_What is being asked_.
All pictures are to be omitted while the lines starting at the line with "お隣で売っていた ウィンナーとポテトを買って、オパサラダとランチ♪" and ending at the line with "賽后,騰訊ESPN記者孟超發" in the material below are retyped exactly, both ends included.

_Record set_.
___

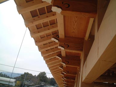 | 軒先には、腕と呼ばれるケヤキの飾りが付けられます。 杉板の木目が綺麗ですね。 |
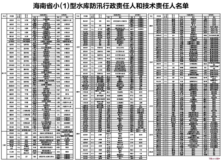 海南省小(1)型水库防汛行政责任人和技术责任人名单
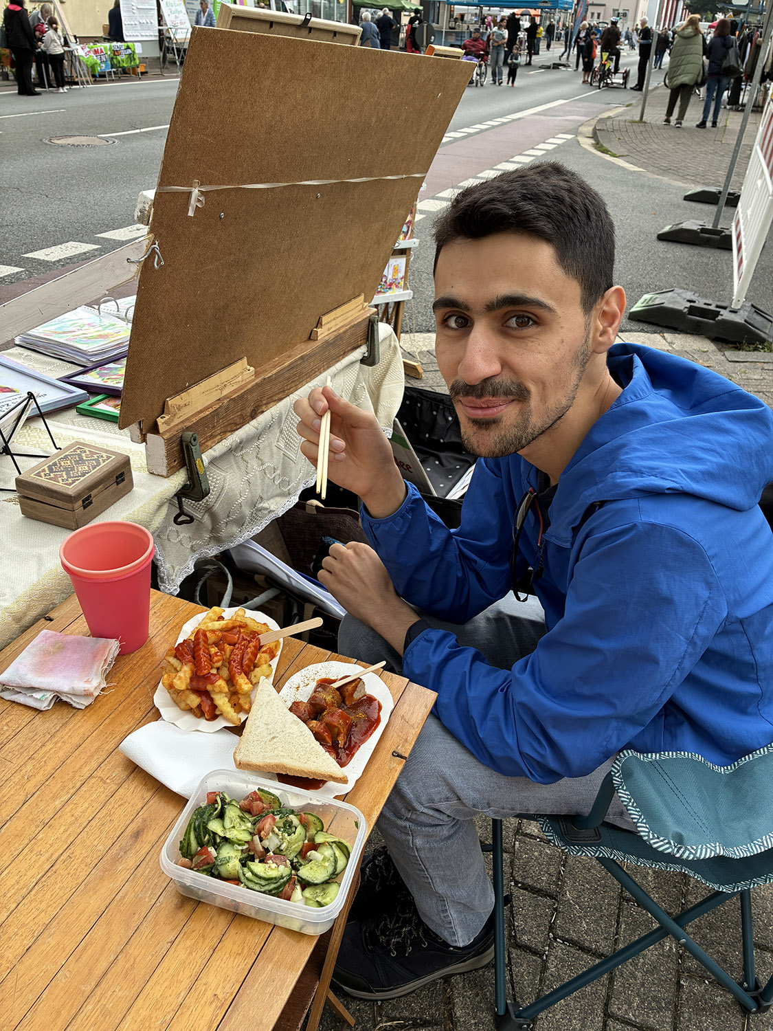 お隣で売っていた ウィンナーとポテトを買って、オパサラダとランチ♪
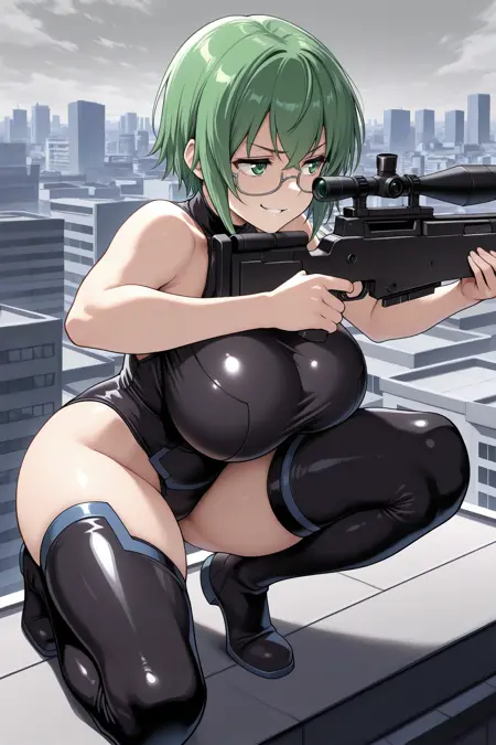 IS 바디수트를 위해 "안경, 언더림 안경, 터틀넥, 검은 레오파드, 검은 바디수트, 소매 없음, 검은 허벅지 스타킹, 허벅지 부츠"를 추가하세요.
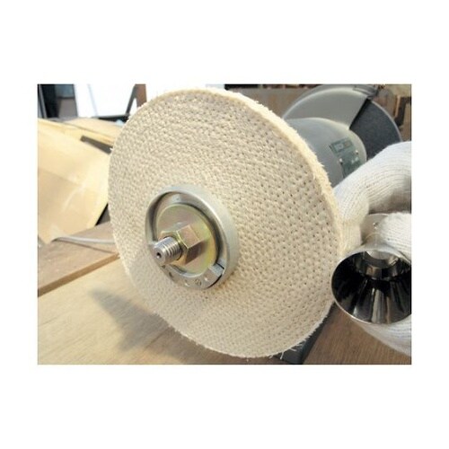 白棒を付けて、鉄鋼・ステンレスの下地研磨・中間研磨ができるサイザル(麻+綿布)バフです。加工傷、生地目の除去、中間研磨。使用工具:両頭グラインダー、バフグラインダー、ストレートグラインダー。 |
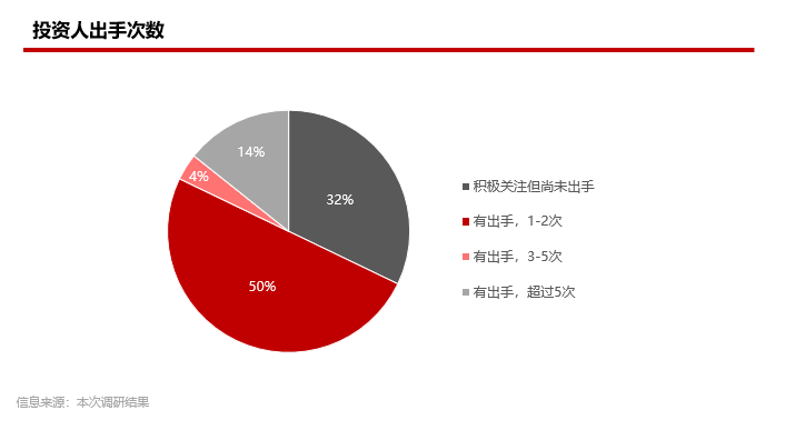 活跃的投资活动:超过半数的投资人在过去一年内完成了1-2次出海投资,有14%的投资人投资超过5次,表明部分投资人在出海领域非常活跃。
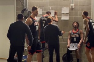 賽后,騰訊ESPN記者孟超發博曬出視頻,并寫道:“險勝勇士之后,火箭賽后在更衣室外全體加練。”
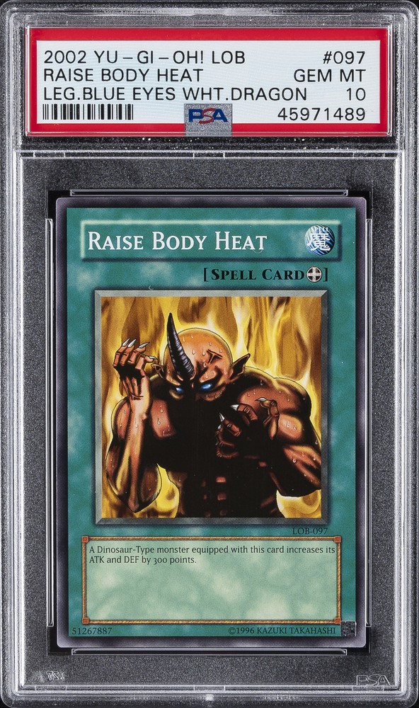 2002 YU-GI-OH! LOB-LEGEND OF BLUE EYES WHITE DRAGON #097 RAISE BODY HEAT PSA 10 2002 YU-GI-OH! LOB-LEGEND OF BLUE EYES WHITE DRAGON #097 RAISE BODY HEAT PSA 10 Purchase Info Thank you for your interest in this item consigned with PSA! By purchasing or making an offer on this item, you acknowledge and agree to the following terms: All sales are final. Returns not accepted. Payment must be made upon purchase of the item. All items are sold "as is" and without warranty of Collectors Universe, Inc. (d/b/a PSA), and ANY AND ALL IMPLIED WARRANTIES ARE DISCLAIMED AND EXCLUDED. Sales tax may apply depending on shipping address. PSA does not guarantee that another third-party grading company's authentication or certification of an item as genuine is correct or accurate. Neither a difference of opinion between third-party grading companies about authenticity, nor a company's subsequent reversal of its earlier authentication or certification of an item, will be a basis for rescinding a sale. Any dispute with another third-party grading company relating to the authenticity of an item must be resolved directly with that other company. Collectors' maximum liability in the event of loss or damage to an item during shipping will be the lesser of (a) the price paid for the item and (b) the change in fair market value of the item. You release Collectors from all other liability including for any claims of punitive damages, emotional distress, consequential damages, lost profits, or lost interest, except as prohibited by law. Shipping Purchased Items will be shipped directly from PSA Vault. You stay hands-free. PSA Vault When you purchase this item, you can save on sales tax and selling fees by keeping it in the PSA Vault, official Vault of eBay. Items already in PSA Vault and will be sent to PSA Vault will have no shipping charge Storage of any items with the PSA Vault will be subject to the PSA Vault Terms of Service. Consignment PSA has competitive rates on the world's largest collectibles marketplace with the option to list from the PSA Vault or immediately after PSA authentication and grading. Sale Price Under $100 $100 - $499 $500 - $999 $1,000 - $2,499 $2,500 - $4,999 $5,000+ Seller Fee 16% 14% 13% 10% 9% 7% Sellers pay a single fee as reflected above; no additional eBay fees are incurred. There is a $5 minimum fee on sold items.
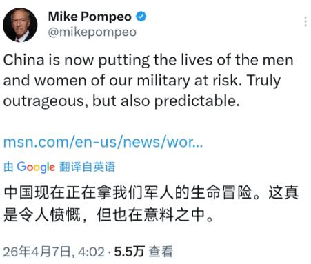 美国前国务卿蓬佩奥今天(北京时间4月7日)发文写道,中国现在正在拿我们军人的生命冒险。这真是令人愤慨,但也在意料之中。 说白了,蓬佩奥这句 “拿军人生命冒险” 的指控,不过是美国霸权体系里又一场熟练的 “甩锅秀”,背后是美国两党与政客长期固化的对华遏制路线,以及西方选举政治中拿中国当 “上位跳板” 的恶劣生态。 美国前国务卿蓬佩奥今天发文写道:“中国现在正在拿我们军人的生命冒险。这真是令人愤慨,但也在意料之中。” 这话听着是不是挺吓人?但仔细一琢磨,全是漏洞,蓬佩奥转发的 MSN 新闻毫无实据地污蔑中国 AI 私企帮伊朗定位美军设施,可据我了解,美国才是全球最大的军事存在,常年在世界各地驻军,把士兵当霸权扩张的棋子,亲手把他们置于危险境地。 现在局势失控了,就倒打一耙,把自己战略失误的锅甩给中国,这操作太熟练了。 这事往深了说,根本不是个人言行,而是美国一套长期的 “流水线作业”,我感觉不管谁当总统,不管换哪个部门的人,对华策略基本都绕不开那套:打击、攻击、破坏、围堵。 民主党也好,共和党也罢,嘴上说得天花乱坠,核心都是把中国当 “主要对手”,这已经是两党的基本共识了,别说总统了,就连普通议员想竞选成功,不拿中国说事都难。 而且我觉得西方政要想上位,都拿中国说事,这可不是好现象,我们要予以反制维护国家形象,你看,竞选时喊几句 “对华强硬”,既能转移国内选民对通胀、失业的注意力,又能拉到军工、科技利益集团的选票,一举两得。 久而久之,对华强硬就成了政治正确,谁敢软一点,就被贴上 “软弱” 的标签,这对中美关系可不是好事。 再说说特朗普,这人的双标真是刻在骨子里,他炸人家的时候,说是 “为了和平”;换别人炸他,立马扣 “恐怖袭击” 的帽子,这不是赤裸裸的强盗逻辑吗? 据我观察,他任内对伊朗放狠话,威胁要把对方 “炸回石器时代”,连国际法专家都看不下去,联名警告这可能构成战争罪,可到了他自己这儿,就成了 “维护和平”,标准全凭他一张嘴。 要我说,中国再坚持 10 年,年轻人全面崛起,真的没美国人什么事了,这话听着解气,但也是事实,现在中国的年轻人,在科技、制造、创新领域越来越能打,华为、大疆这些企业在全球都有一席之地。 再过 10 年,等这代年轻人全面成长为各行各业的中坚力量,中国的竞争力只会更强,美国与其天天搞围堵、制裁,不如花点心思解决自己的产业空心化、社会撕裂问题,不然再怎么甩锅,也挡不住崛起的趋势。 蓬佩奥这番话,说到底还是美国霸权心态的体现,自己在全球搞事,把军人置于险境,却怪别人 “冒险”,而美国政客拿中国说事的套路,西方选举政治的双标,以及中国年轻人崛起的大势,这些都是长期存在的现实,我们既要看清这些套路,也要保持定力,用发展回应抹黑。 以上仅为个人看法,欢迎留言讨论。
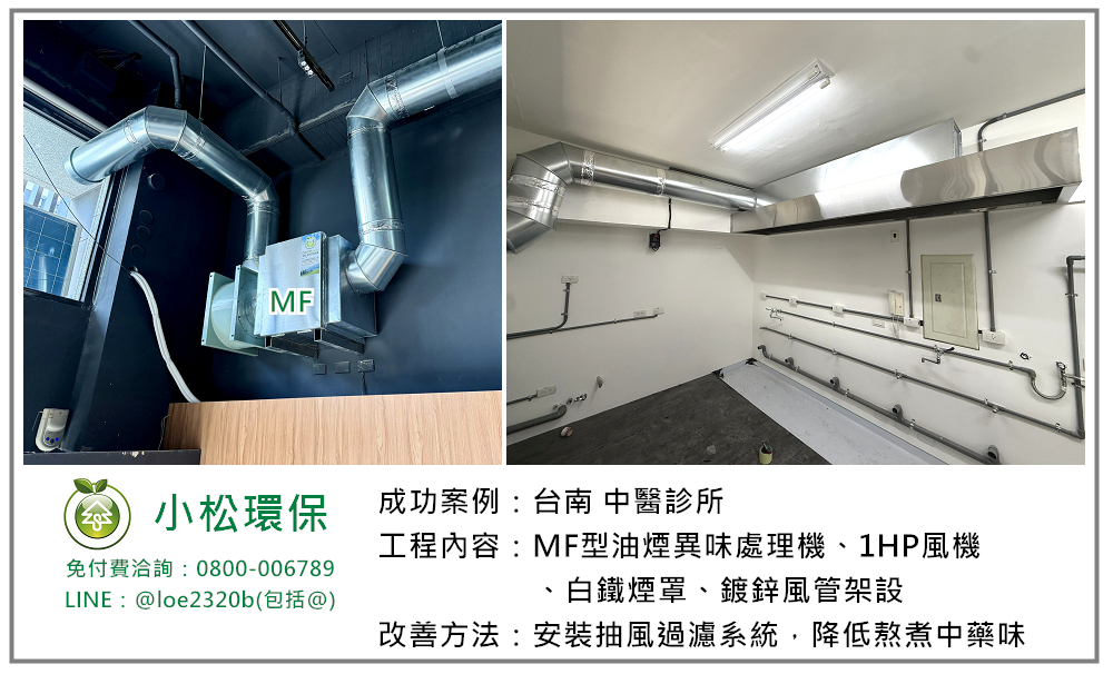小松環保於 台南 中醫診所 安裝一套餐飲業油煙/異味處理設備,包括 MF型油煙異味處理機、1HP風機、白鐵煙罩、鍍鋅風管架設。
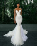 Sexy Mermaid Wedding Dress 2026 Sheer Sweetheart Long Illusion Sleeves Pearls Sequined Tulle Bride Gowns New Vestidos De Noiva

___

_Written answer_.
 お隣で売っていた ウィンナーとポテトを買って、オパサラダとランチ♪
 IS 바디수트를 위해 "안경, 언더림 안경, 터틀넥, 검은 레오파드, 검은 바디수트, 소매 없음, 검은 허벅지 스타킹, 허벅지 부츠"를 추가하세요.
 白棒を付けて、鉄鋼・ステンレスの下地研磨・中間研磨ができるサイザル(麻+綿布)バフです。加工傷、生地目の除去、中間研磨。使用工具:両頭グラインダー、バフグラインダー、ストレートグラインダー。 |
 活跃的投资活动:超过半数的投资人在过去一年内完成了1-2次出海投资,有14%的投资人投资超过5次,表明部分投资人在出海领域非常活跃。
 賽后,騰訊ESPN記者孟超發博曬出視頻,并寫道:“險勝勇士之后,火箭賽后在更衣室外全體加練。”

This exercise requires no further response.